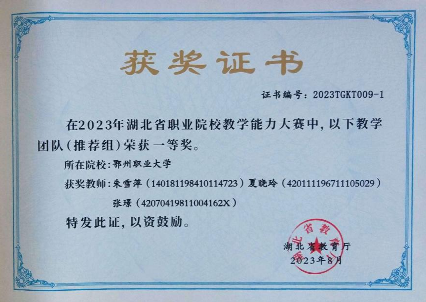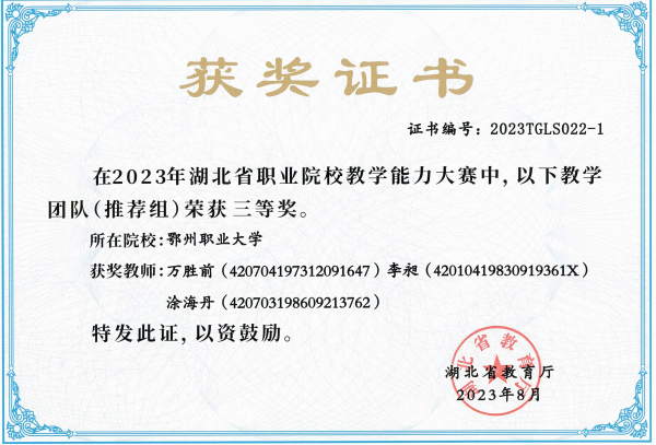 依托鄂州市劳模创新工作室,立项国家级教科研课题2项,获省级教学成果二等奖2项、省级教科研项目9项、市级41项,省级教学能力大赛一等奖1项、三等奖2项。获批实用新型专利4项,软著7项,参与国家级重点项目1项。全员参与2024年“一带一路暨金砖国家技能发展与技术创新大赛”虚拟现实(VR)产品设计与开发赛项筹备工作。
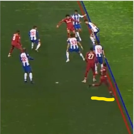 Mane ( Gold Line) makes his run towards space behind Porto’s defense
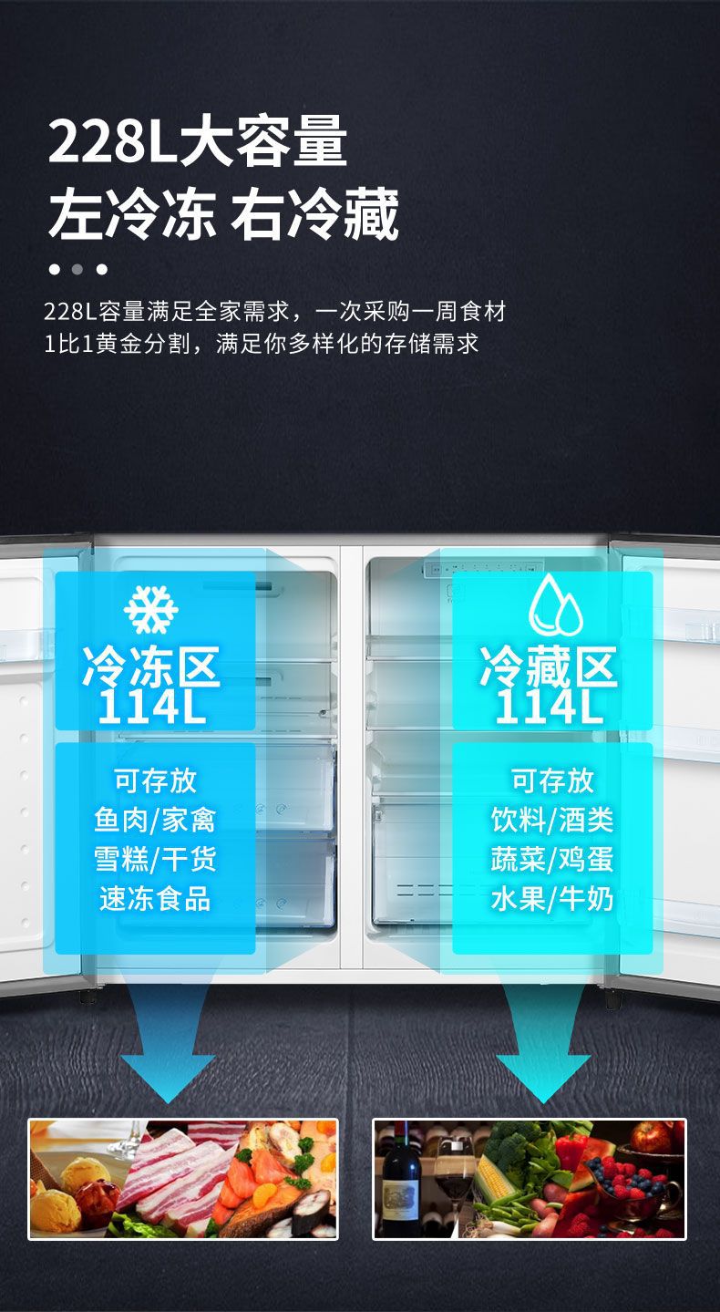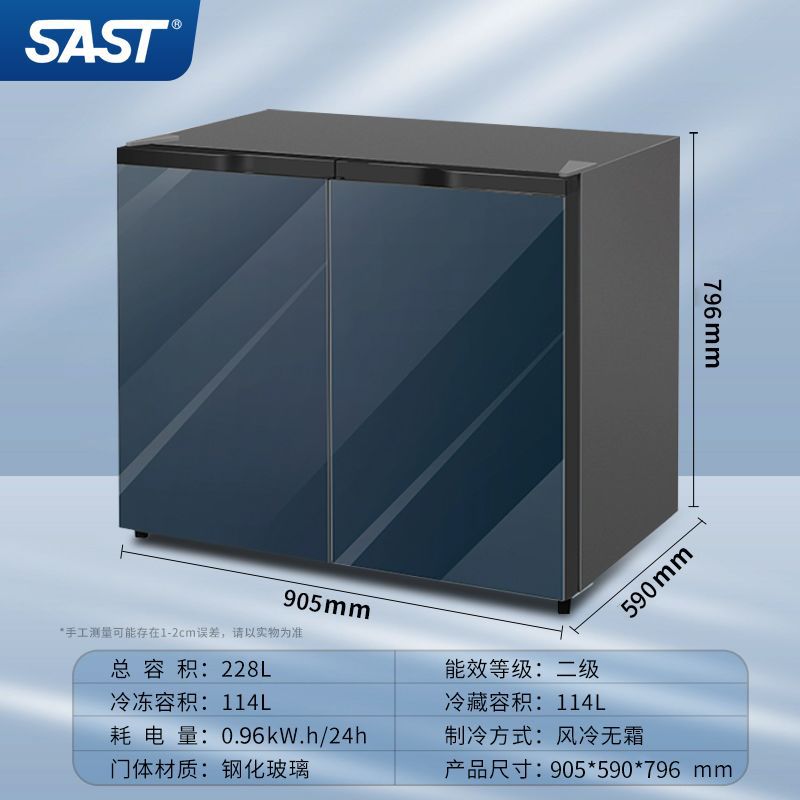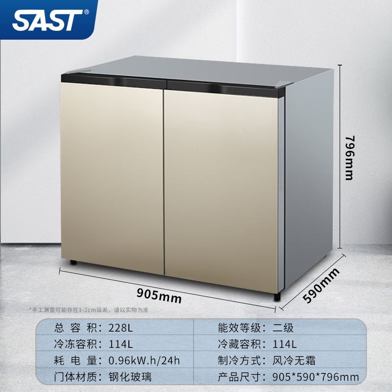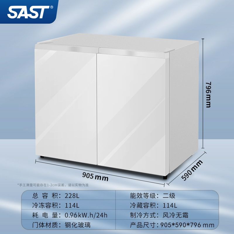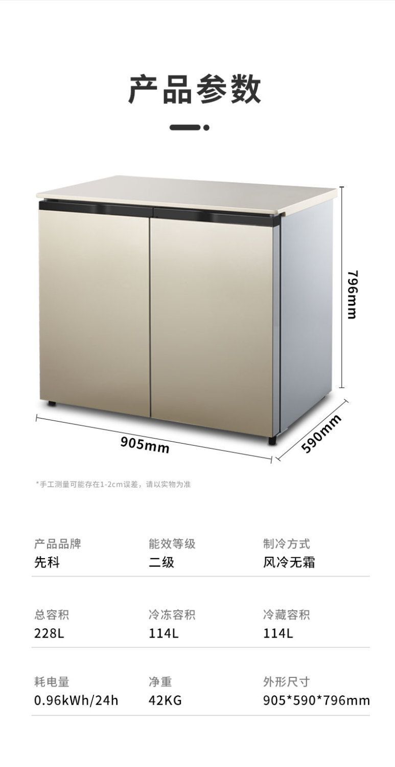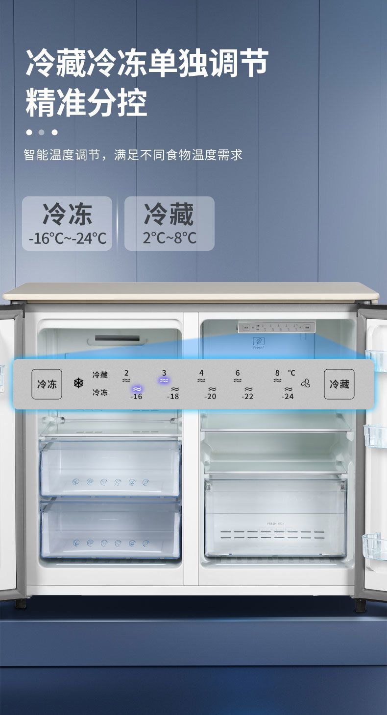 卧式冰箱嵌入式冰柜家用风冷无霜小型柜双门橱柜厨房矮电冰箱
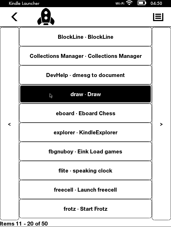 Ill have a play mate : ) and index it if you like tomorrow some time. EDIT: Okay I had a play... First thing I would change: run lipc-set-prop com.lab126.powerd preventScreenSaver 0 before the apps starts.. Or even better check the state is NOT 1 via lipc-get-prop com.lab126.powerd preventScreenSaver and if it is Toggle it to 0 and then back to the original state on program exit ... Since the PREVENT SCREENSAVERS button will leave people locked in the app... (what? as if I would be that stupid... Okay so I did that hehehe )but all in very nice extension. thanks! (with that caveat) Oh and it works via VNC for the really serious artists like me
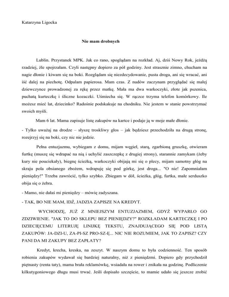 Katarzyna Ligocka Nie mam drobnych Lublin. Przystanek MPK. Jak co rano, spoglądam na rozkład. Aj, dziś Nowy Rok, jeżdżą rzadziej, źle spojrzałam. Czyli następny dopiero za pół godziny. Jest strasznie zimno, chucham na nagie dłonie i kiwam się na boki. Rozglądam się niezdecydowanie, pusta droga, ani się wracać, ani iść dalej na piechotę. Odpalam papierosa. Mam czas. Z nudów zaczynam przyglądać się małej dziewczynce prowadzonej za rękę przez matkę. Mała ma dwa warkoczyki, złote jak pszenica, puchatą kurteczkę i śliczne kozaczki. Uśmiecha się. W rączce trzyma telefon komórkowy. Ile możesz mieć lat, dziecinko? Radośnie podskakuje na chodniku. Nie jestem w stanie powstrzymać swoich myśli. Mam 6 lat. Mama zapisuje listę zakupów na kartce i podaje ją w moje małe dłonie. - Tylko uważaj na drodze – słyszę troskliwy głos – jak będziesz przechodziła na drugą stronę, rozejrzyj się na boki, czy nic nie jedzie. Pełna entuzjazmu, wybiegam z domu, mijam węgieł, starą, zgarbioną gruszkę, otwieram furtkę (muszę się wdrapać na nią i uchylić zaszczepkę z drugiej strony), starannie zamykam (żeby kury nie pouciekały), biegnę ścieżką, warkoczyki obijają mi się o plecy, mijam samotny głóg na skraju pola obsianego zbożem, wdrapuję się pod górkę, jest droga... "O nie! Zapomniałam pieniędzy!" Trzeba zawrócić, tylko szybko. Zbiegam w dół, ścieżka, głóg, furtka, małe serduszko obija się o żebra. - Mamo, nie dałaś mi pieniędzy – mówię zadyszana. - TAK, BO NIE MAM, IDŹ, JADZIA ZAPISZE NA KREDYT. WYCHODZĘ, JUŻ Z MNIEJSZYM ENTUZJAZMEM, GDYŻ WYPARŁO GO ZDZIWIENIE. "JAK TO DO SKLEPU BEZ PIENIĘDZY?" ROZKŁADAM KARTECZKĘ I PO DZIECIĘCEMU LITERUJĘ LINIJKĘ TEKSTU, ZNAJDUJĄCEGO SIĘ POD LISTĄ ZAKUPÓW: JA-DZI-U, ZA-PI-SZ PRO-SZ-Ę... NIC NIE ROZUMIEM, JAK TO ZAPISZ? CZY PANI DA MI ZAKUPY BEZ ZAPŁATY? Kredyt, krecha, kreska, na zeszyt. W naszym domu to była codzienność. Ten sposób robienia zakupów wydawał się bardziej naturalny, niż z pieniędzmi. Dopiero gdy przychodził piętnasty (renta taty), mama brała reklamówkę, wsiadała na rower i znikała na godzinę. Podliczenie kilkutygoniowego długu musi trwać. Jeśli dopisało szczęście, to mamie udało się jeszcze zrobić bieżące zakupy, płacąc. Wówczas pojawiała się w domu jakaś wędlina albo nawet i żółty ser. Zawsze czegoś brakowało, to masła, to oleju, ale trzeba przyznać, że mama zawsze kupowała też dla nas coś dobrego. Podzielnego oczywiście, bo było nas siedmioro – na przykład Flipsy albo pomarańczę. Bywało i tak, że 7 lizaków-serduszek. Zielone lubiłam najbardziej. Papieros dogasł, parząc mnie w palce. Tsss, odrzucam peta i dmucham na pęcherzyk. Niech to szlag! A jednak przez kilka sekund ogrzał mi skórę. Spoglądam na zegarek. Trolejbus będzie za 20 minut. Wtem kącikiem oka zauważam coś czerwonego. To witryna sklepu kosmetycznego. Ozdobiona światełkami, Mikołajem i tym cholernym reniferem Rudolfem. Dzięki Bogu, już po świętach... Zapatrzam się na migocące iskierki lampek. Wspominam, krzywiąc się do wspomnień, moją pierwszą... no... nie pracę, a próbę samodzielnego zdobycia pieniędzy. Święta. Nie pamiętam, ile miałam wtedy lat... Ale jak dziś jawi mi się obraz sprzed kilkunastu zim. Ja – przebrana za świętego Józefa, a Justyna za aniołka. Zimno, mróz... i te dwie nieszczęsne dziewczynki, pokonujące zaspy, jedna z brodą z włóczki, druga z papierowymi skrzydłami. W jednym z domów przywitano nas gromkim śmiechem. Żartowali, że jakoby ja to Osama bin Laden, wówczas temat numer jeden, a Justyna niefortunnie zaczepiła wtedy o klamkę skrzydłem i porwało się na strzępy. Dla nas klęska, niepowodzenie, śmieją się, zamiast słuchać przygotowanych przez nas kolęd. Dramat, bo strój do wyrzucenia. A na dworze ten śnieg tak skrzył! Czyżby z zimna pociekły mi wtedy łzy, zabarwiające świat na perłowo? Ten zachwyt, gdy ktoś rzucił 5 zł, ta gorycz, gdy tylko poczęstowano ciastkiem, to upokorzenie, gdy nie wpuścili za próg: ''Gospodarzu, czy możemy kolędować?'', drzwi kłap przed czerwonym nosem... Ha, więc to właśnie przez kolędowanie w dzieciństwie tak bardzo nienawidzę świąt Bożego Narodzenia. Przepych choinek, okna ozdobione sztucznym śniegiem i światełkami, śnieżnobiały obrus, stół uginający się pod ciężarem (z pewnością więcej niż dwunastu) potraw, radość, ciepło rodzinne, w radiu kolędy – w każdym domu, tylko nie w moim. I wchodziło się w ten cudzy rodzinny krąg, z tym zawstydzeniem, zasmarkanym nosem, brakiem rękawiczek na czerwonych od mrozu dłoniach. W tym obcym cieple zakłócało się przez kilka chwil uroczysty nastrój cichym i nieśmiałym: ''...bo uboga była, rąbek z głowy zdjęła''. Czym do cholery jest rąbek? - myślałam śpiewając. Zatopiona we wspomnieniach, nie zauważam, kiedy stanął przede mną. -Przeprrrraszam paaaanią najuprzeeeejmiej, czy ma paaaani może 50gr. Cholera, jak ja ich nienawidzę! Jest ósma rano, a on już nawalony. Gdybyś ty, stary obdartusie, wiedział, co ja muszę znosić, by zarobić te 50 gr. - Nie mam drobnych – odpowiadam odruchowo. I wspomnienie uderza mnie w tył głowy jak seria z karabinu maszynowego. PIERWSZY ROK STUDIÓW. GŁÓD PORAZ KOLEJNY ZAJRZAŁ MI W OCZY (MARYŚ, ZNOWU SCHUDŁAŚ, JAK TY TO ROBISZ!). MUSZĘ ZNALEŹĆ PRACĘ! ROZSYŁANE CV NIE DAŁO ŻADNEGO SKUTKU... BO I JAKI MIAŁA DAĆ SKUTEK NIEMAL PUSTA KARTKA? Z DRAŻNIĄCYM PRACODAWCÓW WYZNANIEM: STUDENTKA STUDIÓW STACJONARNYCH, BEZ PRAWA JAZDY, ZAMELDOWANIE TYMCZASOWE, BEZ DOŚWIADCZENIA ZAWODOWEGO. Z CZYM DO LUDZI?! PODCZAS JEDNEGO Z WIECZORNYCH SPACERÓW ZAUWAŻAM KARTKĘ NA SŁUPIE: "POSZUKIWANA POMOC DOMOWA". DZWONIĘ. PRZYJĘLI MNIE. Ich dom już od progu, co ja mówię, już od wycieraczki, onieśmielił mnie wielkością, przepychem i pięknem. Tam nawet powietrze jest in
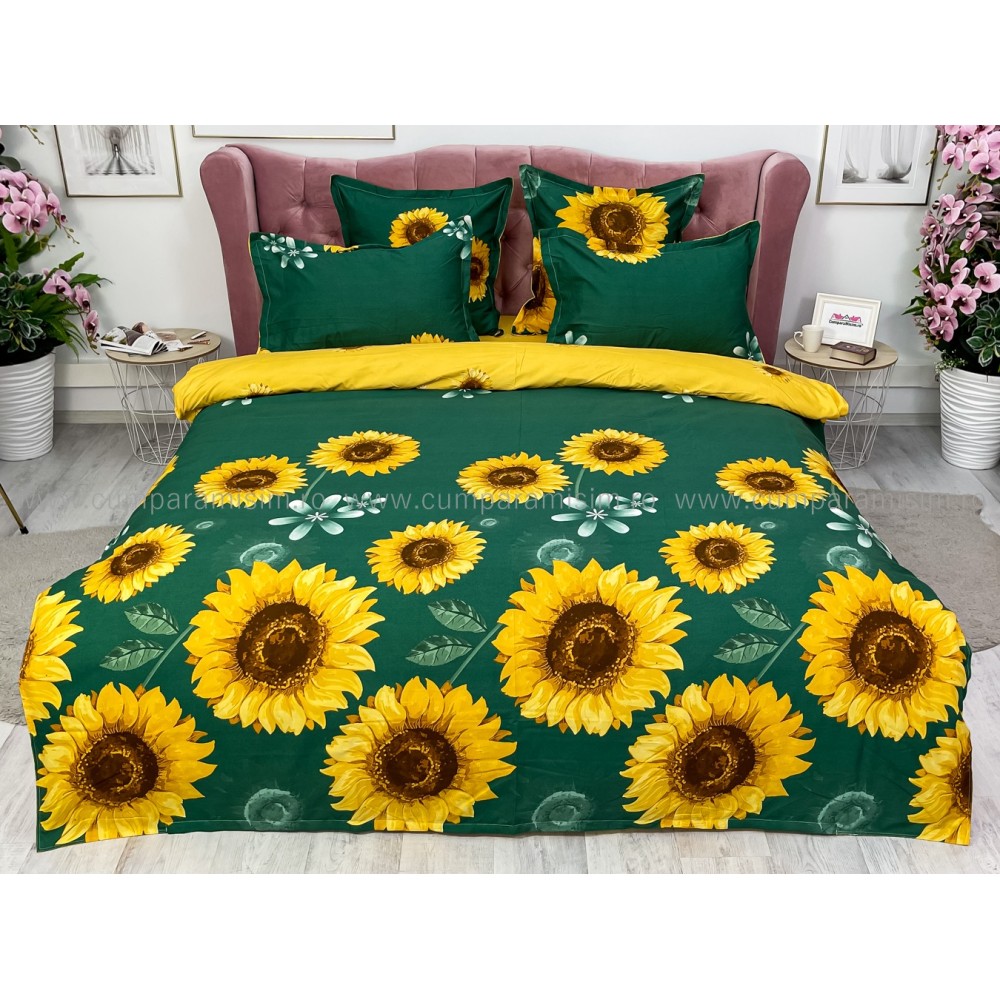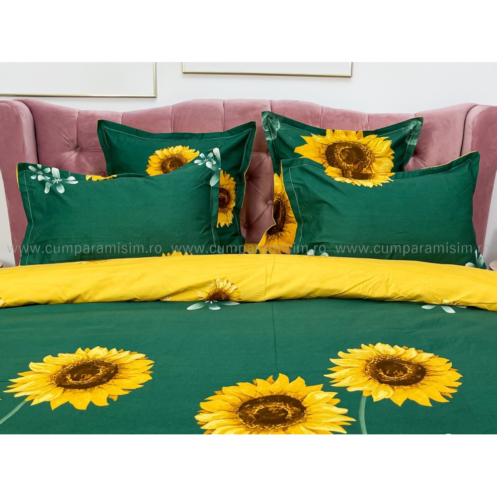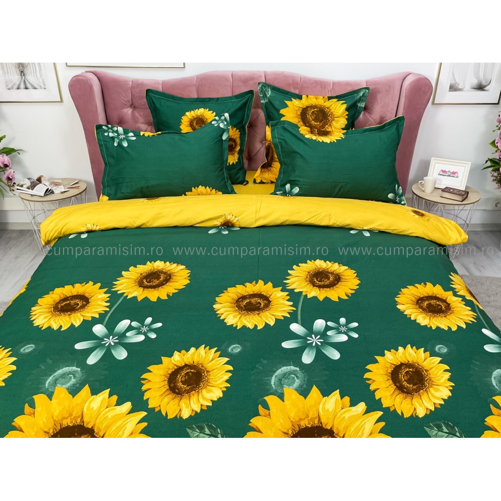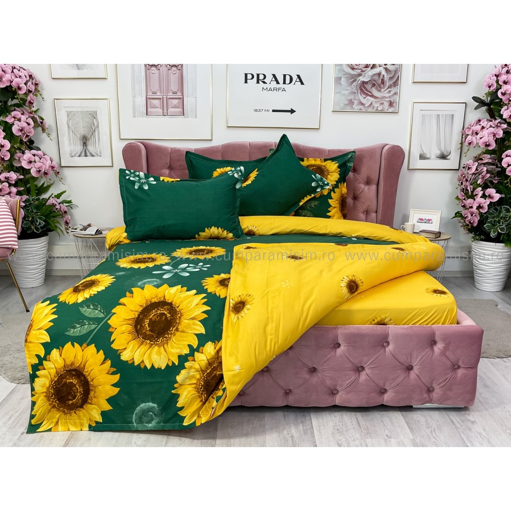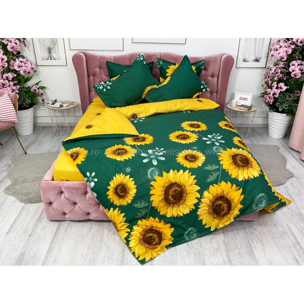 Lenjerie pat dublu, FINET, 6 piese, cu ELASTIC, Jojo Home, Verde-Galben, floarea soarelui, cod produs: JOJ-FE-09
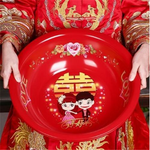 还要准备红色脸盆数量和子孙桶一样要两个,一个脸盆要放健康秤,王年青,而另一只放上新娘送给公婆的帽子和鞋子。
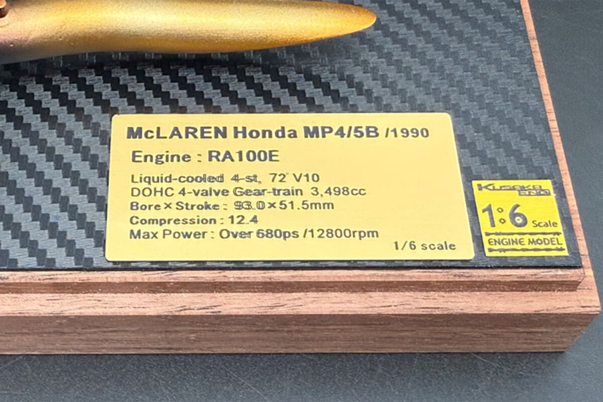 2基目は、1990年にアイルトン・セナが2度目のドライバーズタイトルを獲得したマクラーレンMP4/5Bのパワーユニットである3.5L V型10気筒エンジン「RA100E」である。
━━━━━━━━
● Work to complete:
Nothing but an exact copy belongs in the answer: the lines from the top of the records through the line containing "卧式冰箱嵌入式冰柜家用风冷无霜小型柜双门橱柜厨房矮电冰箱", minus the pictures.

● Response to the task:
 依托鄂州市劳模创新工作室,立项国家级教科研课题2项,获省级教学成果二等奖2项、省级教科研项目9项、市级41项,省级教学能力大赛一等奖1项、三等奖2项。获批实用新型专利4项,软著7项,参与国家级重点项目1项。全员参与2024年“一带一路暨金砖国家技能发展与技术创新大赛”虚拟现实(VR)产品设计与开发赛项筹备工作。
 Mane ( Gold Line) makes his run towards space behind Porto’s defense
 卧式冰箱嵌入式冰柜家用风冷无霜小型柜双门橱柜厨房矮电冰箱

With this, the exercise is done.